Moreover, discontinuation of the immune checkpoint therapy might be required to effectively control the irAEs. In a study of dual blockade of PD-1 and CTLA-4 in melanoma patients, drug cessation caused by all types of irAEs affected up to 45% patients [38]. Among the 15 reviewed cases (Table 1), the decision to cease anti-PD-1 treatment after induction of uveitis was made in 8 cases. In practice, whether to discontinue the anti-PD-1 agents requires thorough discussion between the oncologist, the ophthalmologist and the patient. When the ocular inflammation is mild or only involves the anterior segment, discontinuation of the anti-PD-1/PD-L1 agents may not be required. In our case, the ocular inflammation was severe and fallen into the category of grade 4 ocular side effects. Nivolumab was stopped by the oncologist and systemic steroid was administrated. Unfortunately, increased liver metastases were found 6 weeks after discontinuation of nivolumab.
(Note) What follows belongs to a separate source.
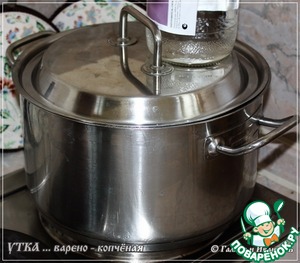 Снимаем кастрюлю с огня и ставим охлаждаться. Мне пришлось сверху груз поставить, чтобы утка не вылезала наружу.

The increased metastases might be associated with discontinuation of nivolumab or/and administration of systemic immunosuppressant.
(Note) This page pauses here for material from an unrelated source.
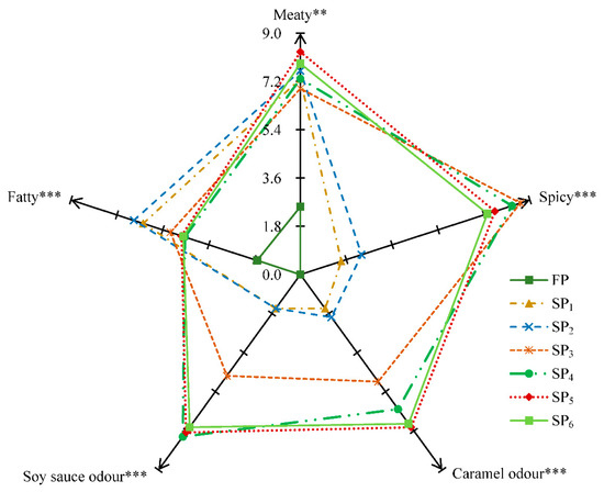 The odour sensory profiles of the fresh and stewed pork. Asterisks indicate significant (** p ≤ 0.01; *** p ≤ 0.001) differences of means in descriptor intensities. FP, fresh pork; SP1, stewed pork with water; SP2: stewed pork in water and salt; SP3: stewed pork in water, salt and spices; SP4: stewed pork in water, salt, spices and soy sauce; SP5: stewed pork in water, salt, spices, soy sauce and sugar; SP6: stewed pork in water, salt, spices, soy sauce, sugar and cooking wine.

Recurrence of uveitis occurred 6 weeks after reinitiation of anti-PD-1 therapy in our case, although it was not reported in the previous literature. It is important to be aware of the recurrence of side effect after the reinitiation of anti-PD-1 therapy. Dose titration of anti-PD-1 agents for individual patient might be needed. It is important to find the balance of malignancy control and minimization of side effects during anti-PD-1 therapy. The management of the recurrence of uveitis was also challenging. In our case, we hesitated to give high-dose systemic steroid in view of the increased liver metastases, instead, we decided to administrate local injections. The posterior uveitis and serous retinal detachment were well controlled with intravitreal injection of Ozurdex, but not with periorbital injection of steroid. This therapeutic option was not reported in the previously reported nivolumab-related uveitis cases.

Uveitis is one of the major causes of blindness worldwide. Although uveitis is a relatively uncommon side effect, prompt recognition of the manifestations and appropriate management are critical in patients receiving PD-1 inhibitors. Improper treatment of uveitis may cause permanent ocular damage and irreversible visual loss, which may affect the quality of life and treatment compliance in cancer patients. With the increasing use of anti-PD-1 therapy in cancer treatment, it is important for the oncologist and the ophthalmologist to understand this ocular complication thoroughly. Most importantly, cooperation between them is required for the development of appropriate therapy for individual patients in a timely manner.